La anestesia de los sentidos y algo más


¿Usa usted sus cinco sentidos? ¿Ve lo que quiere? ¿Selecciona voces y sonidos? ¿Elige lo que le gusta comer y beber? ¿Tiene una colección de perfumes gratos deliberadamente formada? ¿Permite usted que lo(a) toquen y se da oportunidad de descubrir el mundo que lo rodea con su piel?

l gusto, la vista, el olfato, el oído y el tacto son nuestros grandes sensores, nuestros elementales canales de comunicación. Con ellos detectamos lo que nos rodea y, acto seguido, lo registramos en el cerebro. Sin los sentidos perdemos contacto con la realidad, como el ciego de nacimiento que no conoce el color o el sordo que ignora el canto de los pájaros, el sonido de la música y el de la voz humana.

Si bien nuestros sentidos son capacidades naturales muy útiles, hay infinidad de personas que los tienen anestesiados. No los usan, no sienten. El tacto puede ser el mejor ejemplo. Lo tenemos a lo ancho y largo de nuestro organismo, por dentro y por fuera: es el más extenso de nuestros cinco sentidos. Con el tacto sabemos si algo es duro, blando, frío, caliente y, en un nivel más elaborado, también con la piel transmitimos emociones como el odio o el cariño.

Pero observe lo que ocurre: desde que venimos al mundo nos prohíben tocar. Desde la cuna hasta la tumba nos repiten: no toques eso, no agarres aquello, no manosees, juegos de manos son de villanos, y así por el estilo. Todos, absolutamente todos, tenemos áreas de nuestro cuerpo que no se pueden tocar, prohibidas y punto.

Esta especie de invalidez táctil nos impide o dificulta gradualmente el intercambio de afectos y la relación amorosa satisfactoria en la familia y en la pareja.
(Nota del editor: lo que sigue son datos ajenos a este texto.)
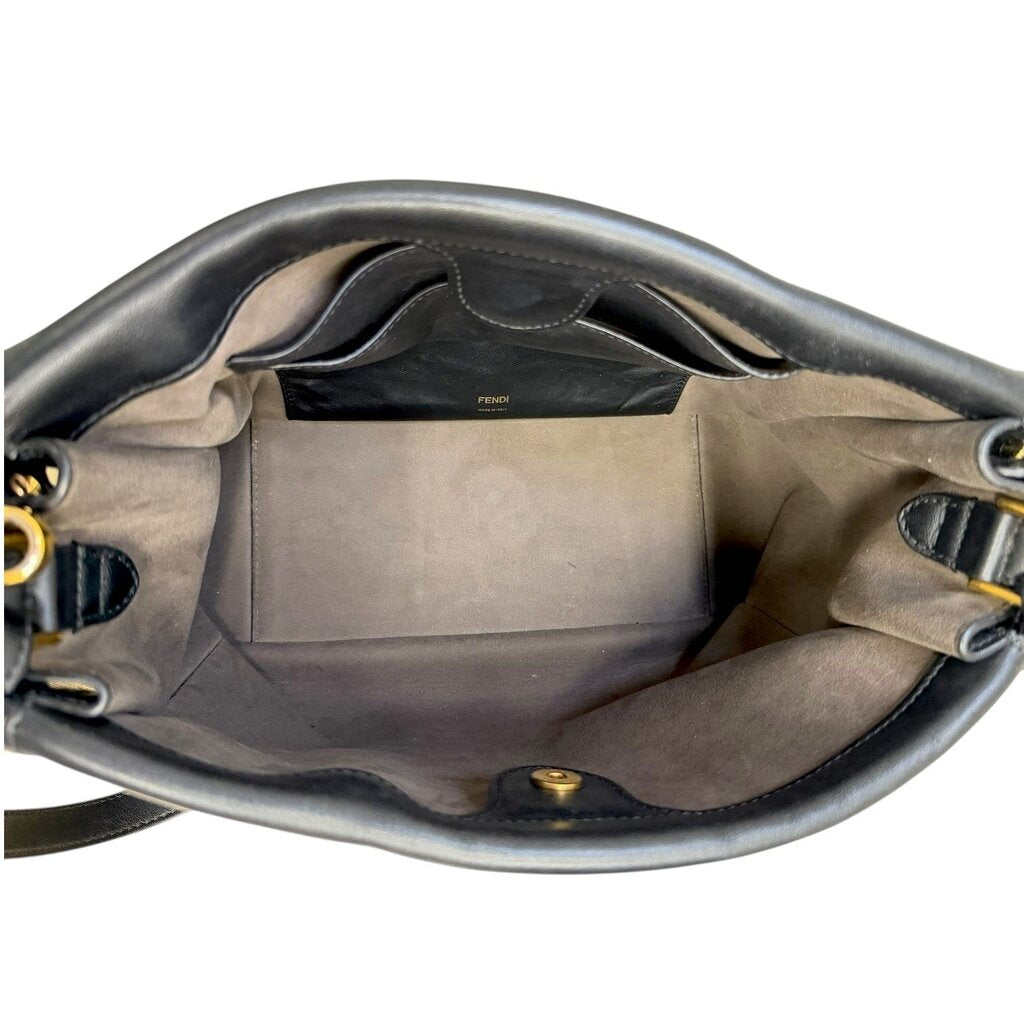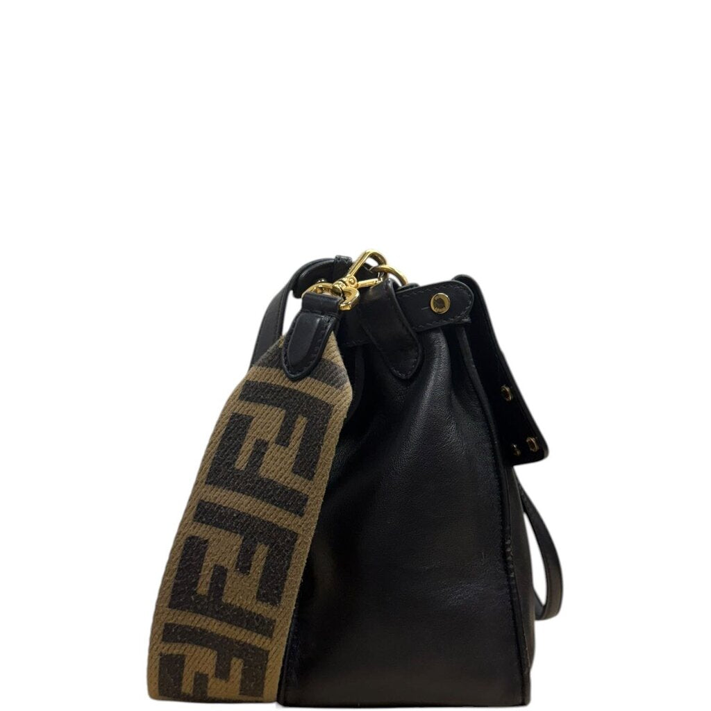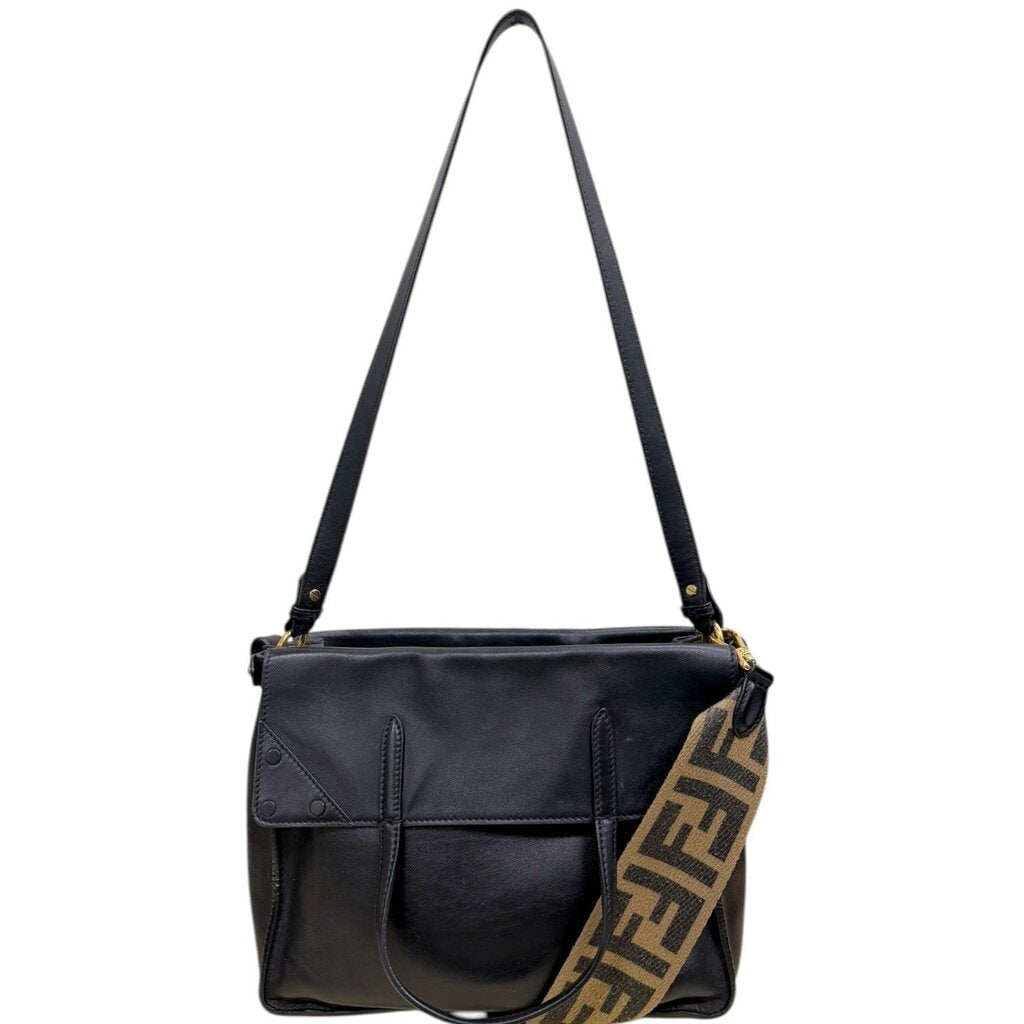 Fendi FF Flip Leather Shoulder Handbag Black
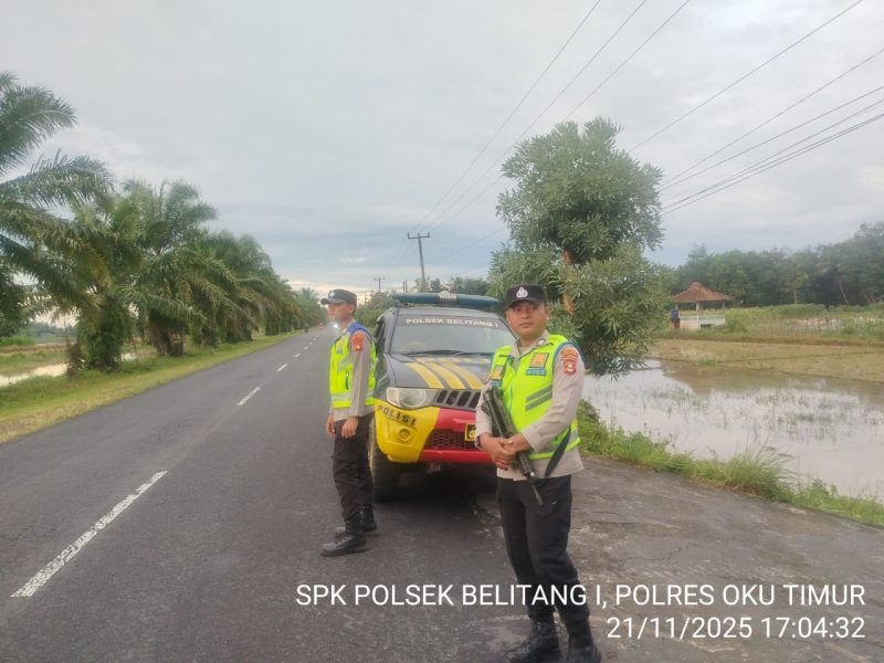 OKU Timur – Guna menciptakan situasi kamtibmas yang kondusif, Polsek Belitang I melaksanakan giat Patroli Sore pada Jumat, 21 November 2025. Patroli yang dimulai pukul 16.30 WIB ini menyasar dua lokasi strategis: Jalan Raya BK 8 Desa Sumber Suko Jaya dan Jalan Raya BK 8 Desa Karang Kemiri.
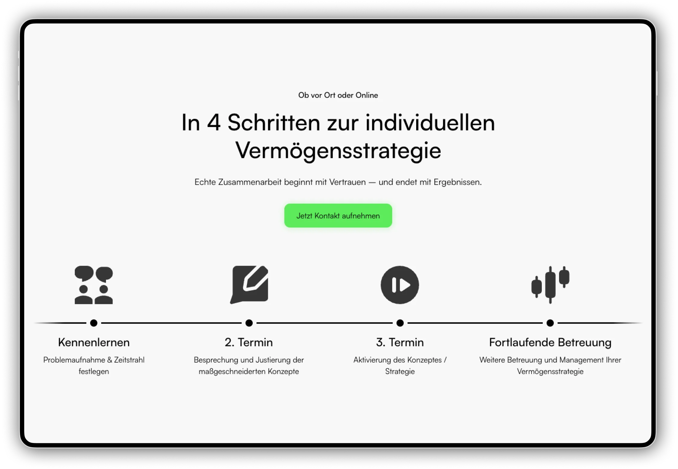 Die Prüfer Vermögensmanagement GmbH verfügt nun über eine moderne, professionelle Website, die nicht nur die regulatorischen Anforderungen (Compliance) vollständig erfüllt, sondern auch als überzeugendes Beratungs-Tool dient. Das neue, hochwertige Branding schafft sofortige Glaubwürdigkeit und hebt das Unternehmen klar von seinen Mitbewerbern ab. Die intuitive Nutzerführung und die fokussierte Darstellung der Kompetenzen stärken die Positionierung als vertrauenswürdiger und kompetenter Partner in der Vermögensverwaltung und unterstützen das Unternehmen maßgeblich bei der Neukundengewinnung.
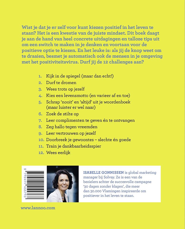 Wist je dat je er zelf voor kunt kiezen positief in het leven te staan? Het is een kwestie van de juiste mindset. Dit boek daagt je aan de hand van heel concrete uitdagingen en talloze tips uit om een switch te maken in je denken en voortaan voor de positieve optie te kiezen. En het leuke is: als jij de knop weet om te draaien, besmet je automatisch ook de mensen in je omgeving met het positiviteitsvirus. Durf jij de 12 challenges aan?

Precisamente la necesidad insatisfecha de emplear la piel ha sido una fuente de inspiración inagotable para los autores y los intérpretes de canciones populares. Si no podemos sentir con el tacto por lo menos le cantamos.

Y algo similar le pasa al sentido del gusto porque comemos de prisa, sin saborear y hasta reventar. Vemos sin mirar y oímos sin escuchar, como si sufriéramos de anestesia sensorial que nos convierte en sonámbulos diurnos.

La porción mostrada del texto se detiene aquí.